The subset of 78 emerging active regions used to compare the locations of the polarities in the high- and low-resolution time-averaged line-of-sight magnetogram maps are the following: 11066, 11070, 11072, 11074, 11075, 11076, 11079, 11080, 11081, 11086, 11088, 11098, 11103, 11105, 11114, 11116, 11122, 11130, 11132, 11136, 11137, 11138, 11141, 11142, 11143, 11145, 11146, 11148, 11152, 11154, 11156, 11157, 11158, 11159, 11167, 11174, 11182, 11290, 11291, 11294, 11297, 11300, 11304, 11310, 11311, 11318, 11322, 11326, 11327, 11331, 11334, 11370, 11381, 11385, 11396, 11397, 11400, 11404, 11406, 11414, 11416, 11431, 11437, 11446, 11449, 11450, 11456, 11466, 11472, 11497, 11500, 11510, 11511, 11523, 11531, 11547, 11549, 11551.

Appendix C: Modelling the latitudinal separation between polarities during emergence

In this section we explore the change in tilt angle in relation to the Coriolis force, separation speed, and lifetime of the active regions in the SDO/HEARs database.

We explore three models to describe the north-south displacement:

1. Constant tilt angle: It has been suggested that the flux tube arrives at the surface already tilted satisfying Joy’s law (e.g. Weber et al. 2013), but distorted by convection. Here we test if it is statistically possible that the regions have a constant tilt angle. We model the north-south displacement due to a constant tilt angle at the time of emergence, as δy(τ) = − tan[γ(τ = 0)]δx(τ).

2. Coriolis effect: Joy’s law is a function of latitude, reminiscent of the Coriolis force. Howard (1994) showed that bipolar magnetic regions (identified in white light images) that move further apart or closer together change tilt angle in the sense expected from the Coriolis force acting on this change in separation.

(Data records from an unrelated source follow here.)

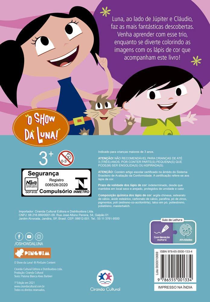 Para tornar a experiência completa, este livro de colorir do Show da Luna acompanha um conjunto exclusivo de lápis de cor. Isso permite que os pequenos artistas deem vida às cenas favoritas, desenvolvendo a coordenação motora fina e a expressão criativa durante a leitura.
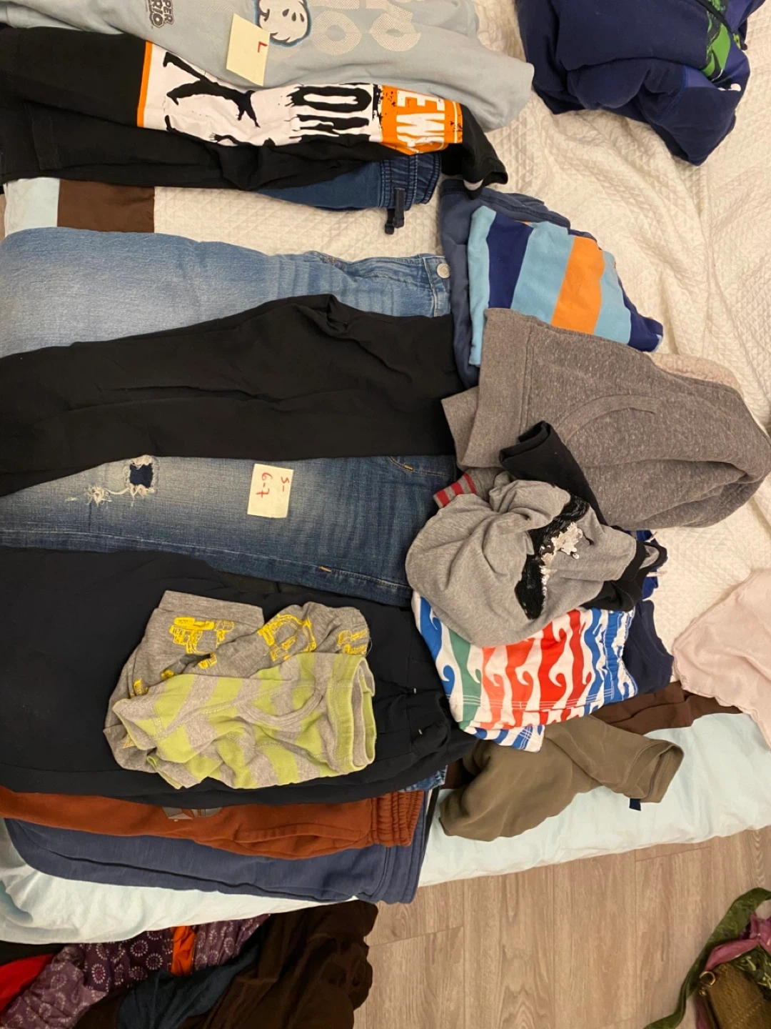 mixed bundle of kids clothes, mostly size 5-7. There are various items including jeans, pants, shirts, and sweaters. Some items show signs of wear, such as rips in the jeans. Great for everyday wear!
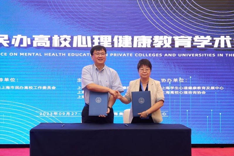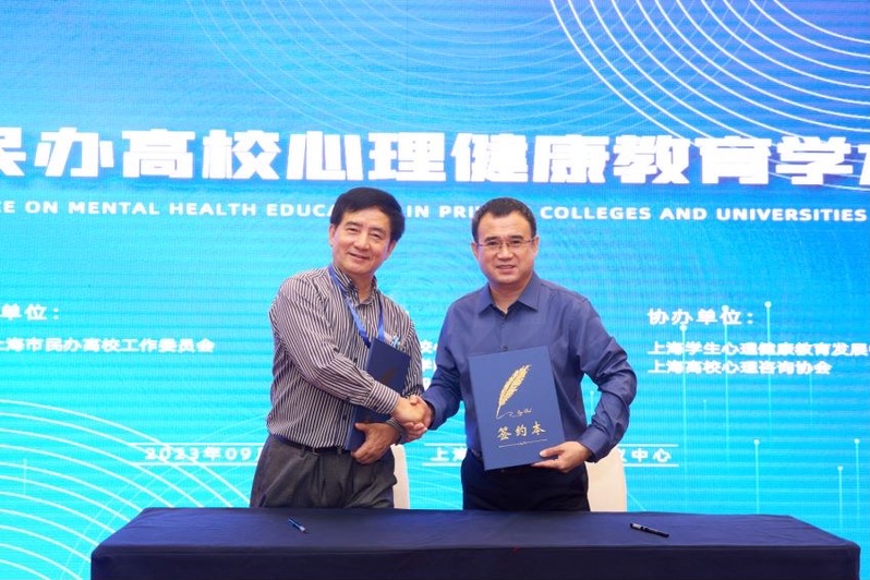 心理健康教育社会协同签约仪式顺利进行。上海市民办高校心理健康教育基地与上海北辰软件股份有限公司进行了校企合作签约。上海杉达学院与上海精神卫生中心进行了校医合作签约。
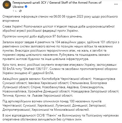 В среду, 6 декабря, Генштаб ВСУ обнародовал сводку о ситуации на фронте.
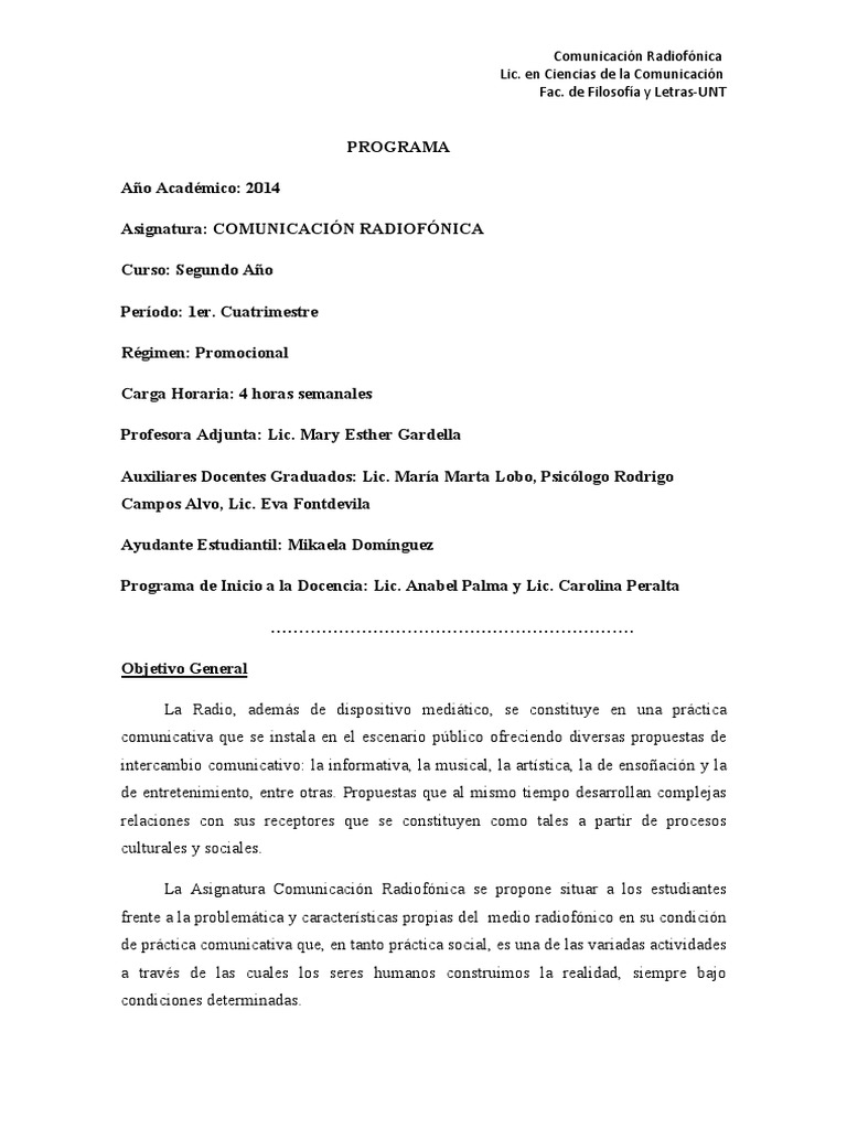 La Asignatura Comunicación Radiofónica se propone situar a los estudiantes
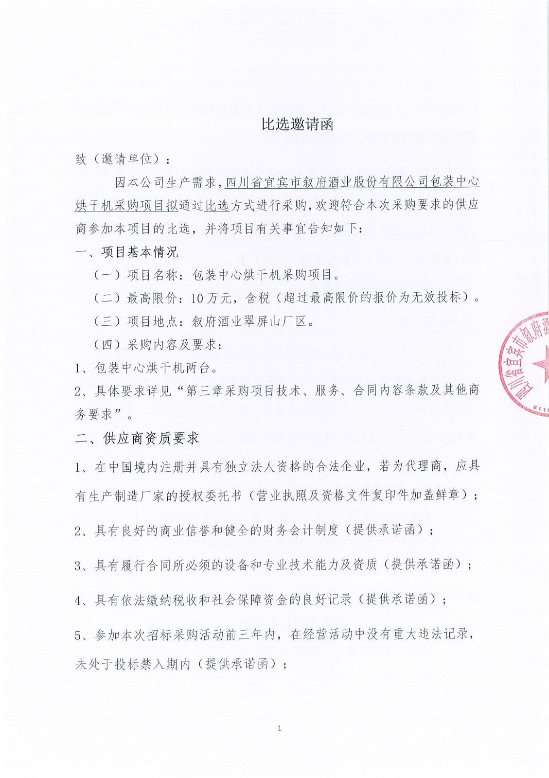 四川省宜賓市敘府酒業(yè)股份有限公司包裝中心烘干機(jī)采購項(xiàng)目流標(biāo)公示公告
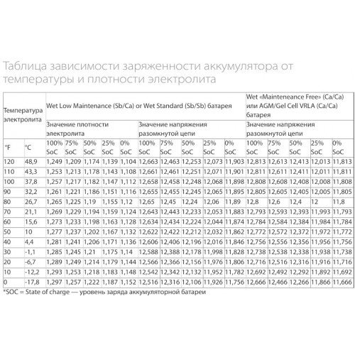 Кроме того, прежде чем продолжить, необходимо принять во внимание две важные вещи: Во-первых, при оценке уровня заряда это следует делать при комнатной температуре, а батарея должна находиться в состоянии покоя не менее получаса. Во-вторых, свинцовые аккумуляторы имеют глубину разряда примерно 50%. Это означает, что только около 50% полной емкости свинцово-кислотного аккумулятора может быть извлечено и использовано.

This study only considered day-to-day changes in separation and tilt, and not the evolutionary stage of the bipolar magnetic regions. Here we model the north-south displacement of the polarities due to the Coriolis force given the east-west separation speed and the surface latitudinal differential rotation. The Coriolis acceleration in the north-south direction, $\delta {\ddot{\mathit{y}}}_{\mathrm{C}}(\tau )$, acting on a velocity in the east-west direction, $\delta \dot{x}(\tau )$, in a coordinate system rotating at the local rotation rate, Ω, is

   $$\begin{array}{c}\hfill \delta {\ddot{y}}_{\mathrm{C}}(\tau )=-2\mathrm{\Omega }sin\lambda \delta \dot{x}(\tau ),\end{array}$$(C.1)

   where λ is the latitude and τ is time. The displacement in the north-south direction is related to the velocity and acceleration, a as

   $$\begin{array}{cc}\hfill \delta y(\tau )& ={\displaystyle {\int }_{{\tau }_0}^{\tau }\delta {\dot{y}}_{\mathrm{C}}({\tau }^{\prime })\mathrm{d}{\tau }^{\prime }+\delta y({\tau }_0)}\hfill \\ \hfill & ={\displaystyle {\int }_{{\tau }_0}^{\tau }({\int }_{{\tau }_0}^{{\tau }^{\prime }}\delta {\ddot{y}}_{\mathrm{C}}({\tau }^{″})\mathrm{d}{\tau }^{″}+\delta \dot{y}({\tau }_0))\mathrm{d}{\tau }^{\prime }+\delta y({\tau }_0)}\hfill \\ \hfill & ={\displaystyle {\int }_{{\tau }_0}^{\tau }({\int }_{{\tau }_0}^{{\tau }^{\prime }}-2\mathrm{\Omega }sin\lambda \delta \dot{x}({\tau }^{″})\mathrm{d}{\tau }^{″}+\delta \dot{y}({\tau }_0))\mathrm{d}{\tau }^{\prime }+\delta y({\tau }_0)}\hfill \\ \hfill & ={\displaystyle {\int }_{{\tau }_0}^{\tau }(-2\mathrm{\Omega }sin\lambda {[\delta x({\tau }^{″})]}_{{\tau }_0}^{{\tau }^{\prime }}+\delta \dot{y}({\tau }_0))\mathrm{d}{\tau }^{\prime }+\delta y({\tau }_0)}\hfill \\ \hfill & =-2\mathrm{\Omega }sin\lambda {\displaystyle ({\int }_{{\tau }_0}^{\tau }\delta x({\tau }^{\prime })\mathrm{d}{\tau }^{\prime }-\delta x({\tau }_0)[\tau -{\tau }_0])}\hfill \\ \hfill & +\delta \dot{y}({\tau }_0)[\tau -{\tau }_0]+\delta y({\tau }_0).\hfill \end{array}$$(C.2)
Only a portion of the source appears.